Beefy Boxes and Bandwidth Generously Provided by pair Networks
Perl: the Markov chain saw
 
PerlMonks  

Re: What is the most efficient way to see if a hash is empty?

by BrowserUk (Patriarch)
on Apr 28, 2009 at 08:29 UTC ( [id://760539]=note: print w/replies, xml ) Need Help??

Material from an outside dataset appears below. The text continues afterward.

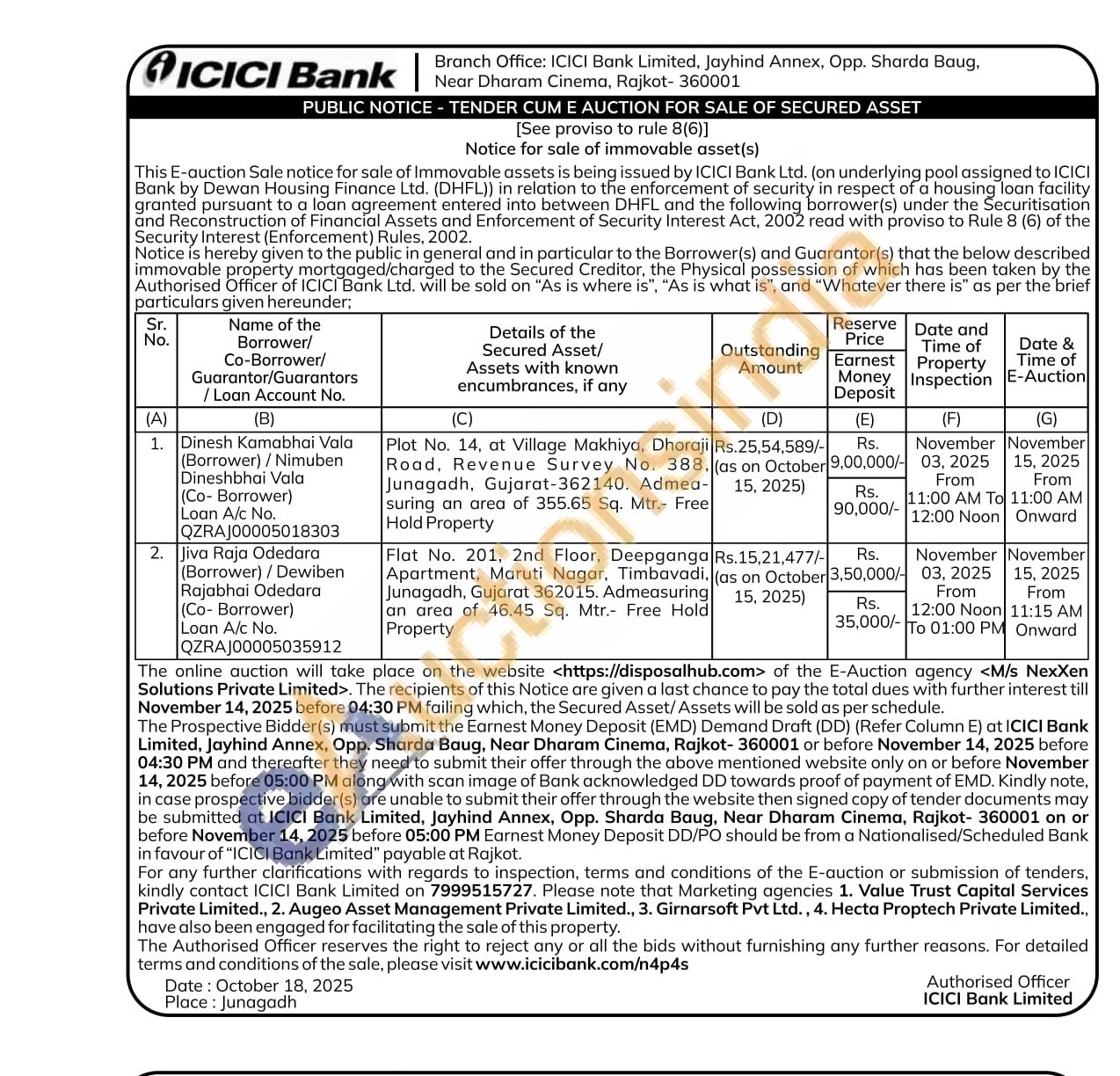 Plot No. 14, at Village Makhiya, Dhoraji Road, Revenue Survey No. 388. Junagadh, Gujarat-362140. Admea-suring an area of 355.65 Sq. Mtr.- Free Hold Property
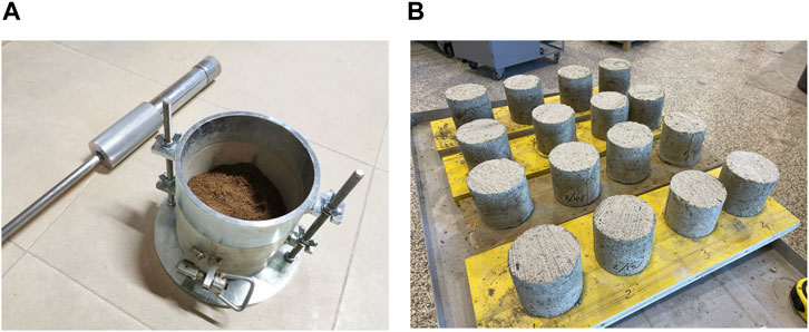 A manufacturing procedure based on the well-known Proctor compaction test was applied (Figure 2A), using a standard cylindrical Proctor mold (ASTM, 2012a) with a diameter of 10.1 cm and a height of 11.5 cm, where the soil was poured and compacted in three uniform layers of ca. 3.4 cm by dropping 25 times per layer a standard Proctor rammer (2.50 kg) from a height of 30.5cm, subjecting the soil to a total compactive effort of about 600 kN m/m3 (ASTM, 2012b). This manufacturing methodology, that allows an accurate control of the compaction process and the compactive energy, has proven to be effective in significantly reducing the dispersion of the results of compression tests (Ávila et al., 2023a), which is typically quite high in studies regarding rammed earth. It is important to note, however, that the slenderness of these samples is lower than the standard ratio of 2.0 typically used in compression tests on cylindrical concrete samples. While this may introduce some variation when comparing the results to those of other studies in the literature, it does not affect the evaluation of the strength improvement assessment due to gypsum addition conducted in this article.

in reply to What is the most efficient way to see if a hash is empty?

Hm. scalar keys %hash does not seem to be O(N):

[0] Perl> %a = 1..1e6;; [0] Perl> %b = ();; [0] Perl> cmpthese -1, { A=>q[ scalar keys %a and ++$i for 1 .. 1000 ], B=>q[ scalar keys %b and ++$j for 1 .. 1000 ] };; Rate A B A 8354/s -- -15% B 9845/s 18% -- [0] Perl> %b = (1..2e6);; [0] Perl> cmpthese -1, { A=>q[ scalar keys %a and ++$i for 1 .. 1000 ], B=>q[ scalar keys %b and ++$j for 1 .. 1000 ] };; Rate A B A 821/s -- -0% B 824/s 0% -- [0] Perl> %a = ();; [0] Perl> cmpthese -1, { A=>q[ scalar keys %a and ++$i for 1 .. 1000 ], B=>q[ scalar keys %b and ++$j for 1 .. 1000 ] };; Rate B A B 815/s -- -18% A 998/s 23% -- [0] Perl> %a = (1,2);; [0] Perl> cmpthese -1, { A=>q[ scalar keys %a and ++$i for 1 .. 1000 ], B=>q[ scalar keys %b and ++$j for 1 .. 1000 ] };; Rate A B A 843/s -- -1% B 849/s 1% -- [0] Perl> cmpthese -1, { A=>q[ scalar keys %a and ++$i for 1 .. 1000 ], B=>q[ scalar keys %b and ++$j for 1 .. 1000 ] };; Rate B A B 804/s -- -3% A 831/s 3% --

I'll let you draw your own conclusions, but mine are that if the hash is completely empty it is slightly faster than if it has any keys. But whether it has 1 key or 1 million make no difference at all.


Examine what is said, not who speaks -- Silence betokens consent -- Love the truth but pardon error.
"Science is about questioning the status quo. Questioning authority".
In the absence of evidence, opinion is indistinguishable from prejudice.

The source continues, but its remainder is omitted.